Currently, only the feature_store scans data from Kuzu’s disk-based storage. For graph_store, our current implementation stores the entire graph topology in COO format in memory. This does limit how much you can scale, but in many models trained on large graphs, features take up more space than the graph topology, so scaling node features out of memory should still allow you to scale to very lage graphs that won’t fit in your RAM.

Adjusting Kuzu’s Buffer Pool Size

As with most DBMSs, Kuzu has a Buffer Manager that maintains a buffer pool to keep parts of the database in memory. When you use Kuzu, you decide how much memory to allocate to it. The more memory you give to Kuzu, the less I/O it will perform on scans. So, in the context of this post, the larger the buffer manager size you set, the faster your training time will be when training large graphs out of memory. You set Kuzu’s buffer pool size when you construct your Database object, before you call the get_torch_geometric_remote_backend() function. For example, the code below sets the BM size to 40 * 1024**3 bytes, which is equal to 40GB. You should set it as high as possible without running out of memory for performance reasons.
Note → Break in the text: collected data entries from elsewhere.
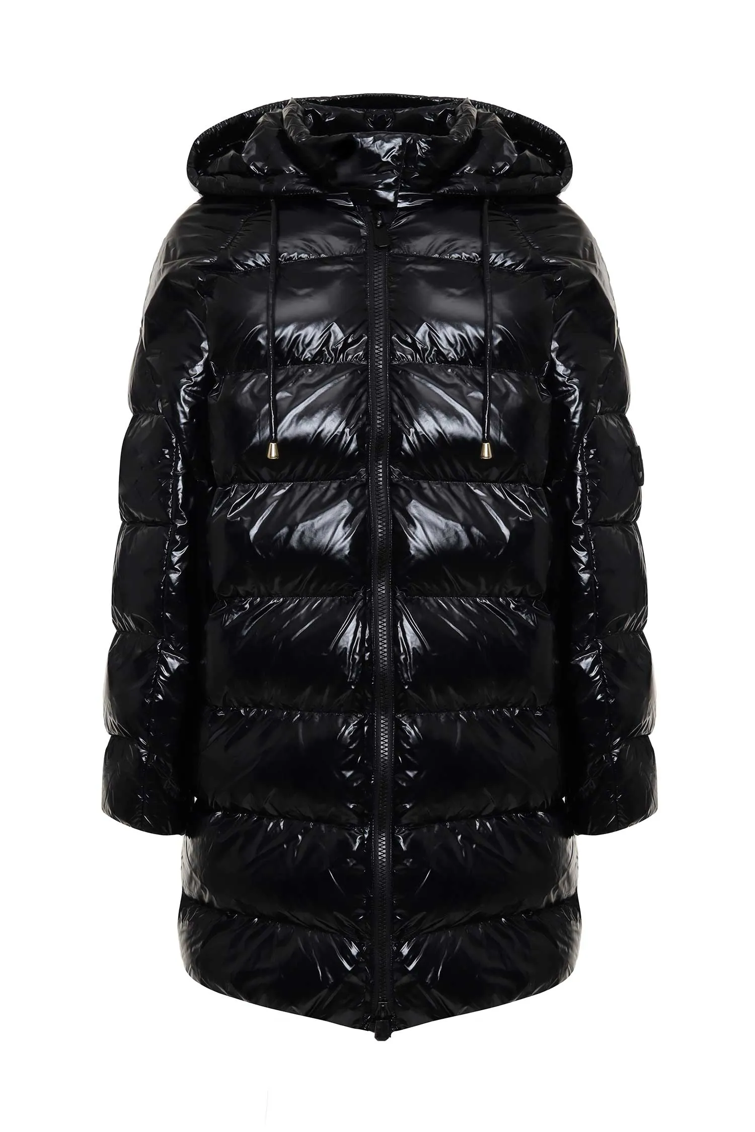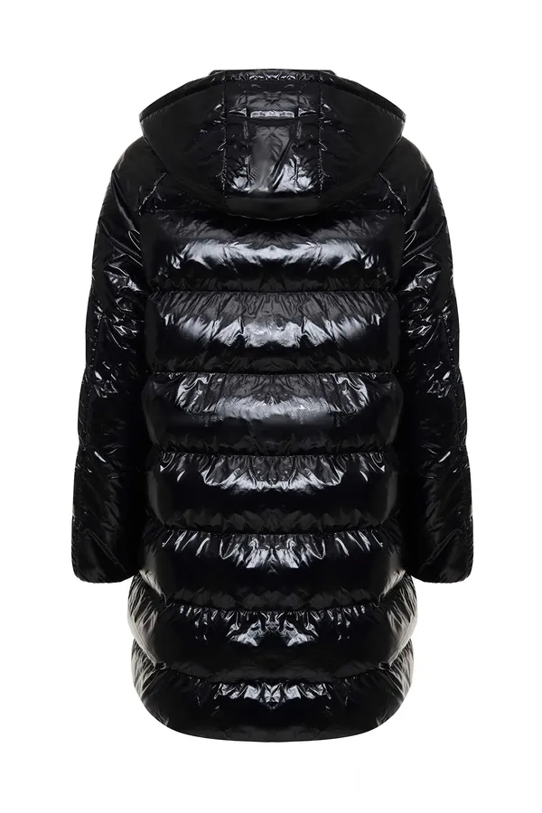 ПУХОВИК M.335 ЧЁРНЫЙ ЛАК С СИНТЕТ.НАПОЛН., СТЁГАНЫЙ, УДЛИНЁННЫЙ, НАШИВКА-ЛОГО В ТОН, ОТСТЁГИВ.КАПЮШОН, ВОРОТ-СТОЙКА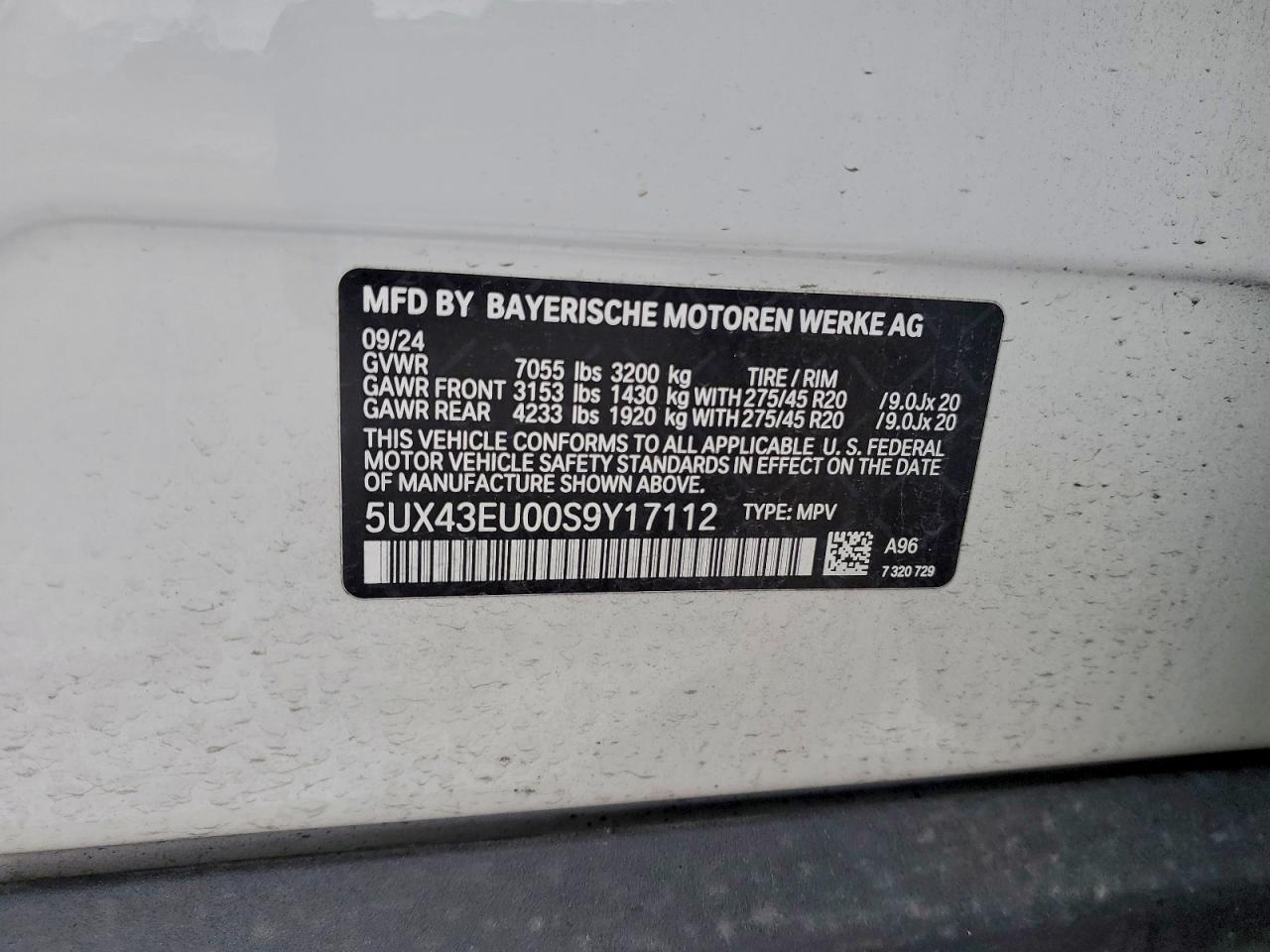 - ВИН: 5UX43EU00S9******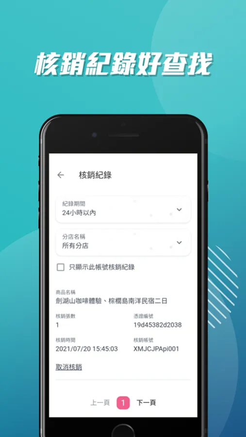 [核銷紀錄查找] 商戶及分店核銷紀錄篩選查詢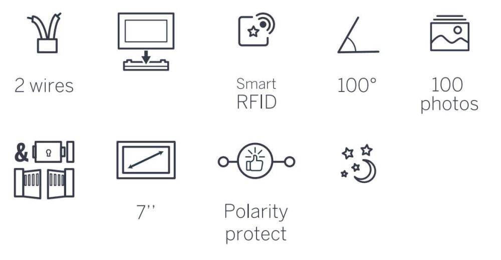 Le Smart Bracket 2 est un visiophone filaire (deux fils) doté d’un système de diagnostic de connexion pour sécuriser son installation. Simple à utiliser avec ses badges RFID. Extensible avec un écran supplémentaire en option.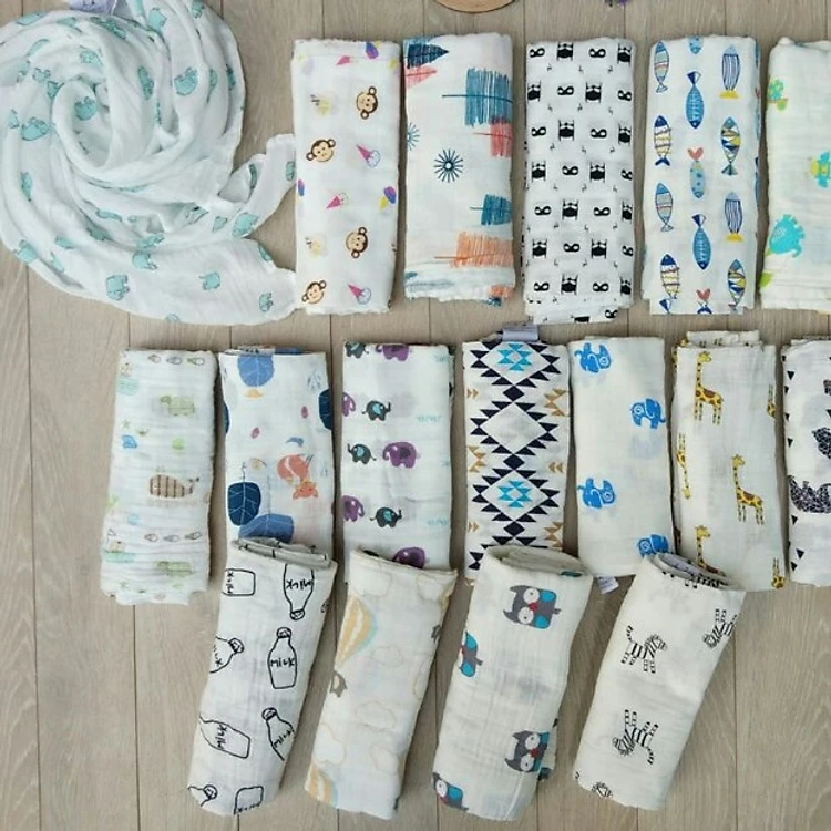 Kích thước: 120cm x 120cm. Màu: Nhiều hoa văn, nhiều màu, nhiều họa tiết các mom tha hồ lựa chọn. Công dụng: Dùng làm khăn tắm, khăn lau, khăn ă Dùng làm khăn trải khi bé nằm, khi cần thay tã ở nơi công cộng, Quấn khi bé ngủ để giữ tư thế cho bé. Với người lớn có thể là chiếc khăn lau tóc, lau đầu.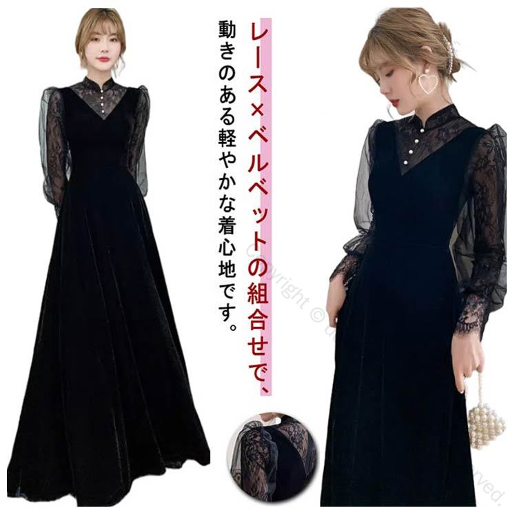 秋冬 ワンピース 透け感 パーティードレス 袖あり 韓国 レース ロング丈 お呼ばれ 結婚式 オケージョン 二次会 イブニングドレス 着痩せ レディース 体型カバー ぽっちゃり ロングドレス aライン

KUZU_BM_SIZE = 40 * 1024**3
# Create kuzu database
db = kuzu.Database("papers100M", KUZU_BM_SIZE)
feature_store, graph_store = db.get_torch_geometric_remote_backend(
    mp.cpu_count())

An Experiment Demonstrating Throughput Numbers With Different Buffer Pool Sizes

Let’s demonstrate what troughput numbers you can expect under different memory settings. As a baseline we will first measure the throughput of training as time/batch using PyG’s default in-memory storage. This seting uses ~106GB of memory. We will then simulate limited memory settings by training the same model using Kuzu Remote Backend and limiting Kuzu’s buffer pool size to different levels. Here are the important configurations for the experiment:

Available RAM in the machine: 384GB RAM
CPU: Two Xeon Platinum 8175M (48 cores/96 threads)
GPU: RTX 4090 with 24GB GPU memory
SSD in the system for disk storage: 2TB Kingston KC3000 NVMe SSD
Mini-batch size: 1152. Recall the kuzu_sampler = NeighborLoader(...) that we defined above. There we gave this argument num_neighbors={('paper', 'cites', 'paper'): [12, 12, 12]} to the NeighborLoader, which means that the sampler will sample 3-degree neighbors of these 1152 nodes, sampling 12 neighbors at each degree. We picked 1152 as our mini-batch size because this is the size at which we generate batches that take a peak of 23GB of memory, so beyond this we would run out of GPU memory. ¹
# PyG Workers: 16 (we did a parameter sweep and setting this to 4, 8, 16 perform very similarly)
# Kuzu Query Processor Threads: 24 (48 and 96 also perform similarly)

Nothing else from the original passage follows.